This is to neuroscience what the Higgs boson was to particle physics.
That’s David Nutt describing the first brain scans ever taken of persons under the influence of LSD (Lysergic acid diethylamide), the controversial psychedelic drug. Nutt is the British psychiatrist and neuropsychopharmacologist who was chairman of the Advisory Council on the Misuse of Drugs (ACMD), the British government’s chief drug advisor, before being dismissed for claiming that alcohol and tobacco were more harmful than many illegal drugs, including LSD, ecstasy and marijuana.
In a study funded by a crowdfunding campaign and The Beckley Foundation (a charitable trust promoting drug research), Nutt and Dr. Robin Carhart-Harris, from the Department of Medicine at Imperial College London, gave 20 physically and mentally healthy volunteers injections of 75mcg of LSD on one day and a placebo on another. They then monitored their brain blood flow, functional connections within and between brain networks, and brainwaves using arterial spin labelling, resting state MRI and magnetoencephalography – three brain imaging techniques.
According to their study, published in Proceedings of the National Academy of Sciences (PNAS), the brain scans showed what happened when those who had been given LSD were “seeing with their eyes shut” – the description Dr. Carhart-Harris used for hallucinating.
We saw that many more areas of the brain than normal were contributing to visual processing under LSD — even though the volunteers’ eyes were closed. Furthermore, the size of this effect correlated with volunteers’ ratings of complex, dreamlike visions.
The brain scans also illustrated what happens when a person under the influence of LSD perceives an altered state of consciousness that is often described as the ego breaking down. While a normal brain has independent networks performing isolated tasks such as hearing and seeing, the brain under LSD shows these independent areas dissolving to form a more integrated brain. Dr. Carhart-Harris relates it to what users have said after their LSD experience.

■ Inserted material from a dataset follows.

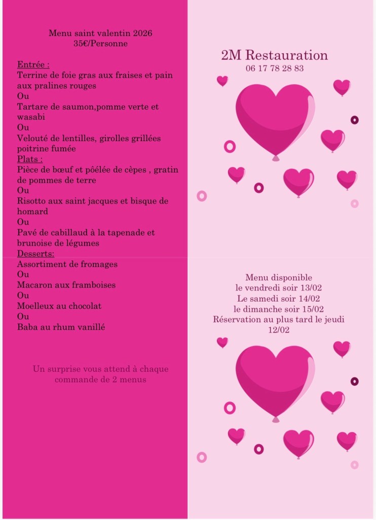 Menu saint Valentin Publié par2mrestauration29 janvier 2026Publié dansNon classé Partager : Partager sur X(ouvre dans une nouvelle fenêtre) X Partager sur Facebook(ouvre dans une nouvelle fenêtre) Facebook J’aime chargement…

… the normal sense of self is broken down and replaced by a sense of reconnection with themselves, others and the natural world. This experience is sometimes framed in a religious or spiritual way — and seems to be associated with improvements in well-being after the drug’s effects have subsided.
This is a controversial study by a controversial researcher. Will it be pushed aside like so many past studies on LSD or will it pave the way for psychedelic drugs to be used to treat psychiatric disorders, depression or addictions? Amanda Feilding, director of the Beckley Foundation, has hopes for the latter:
We are finally unveiling the brain mechanisms underlying the potential of LSD, not only to heal, but also to deepen our understanding of consciousness itself.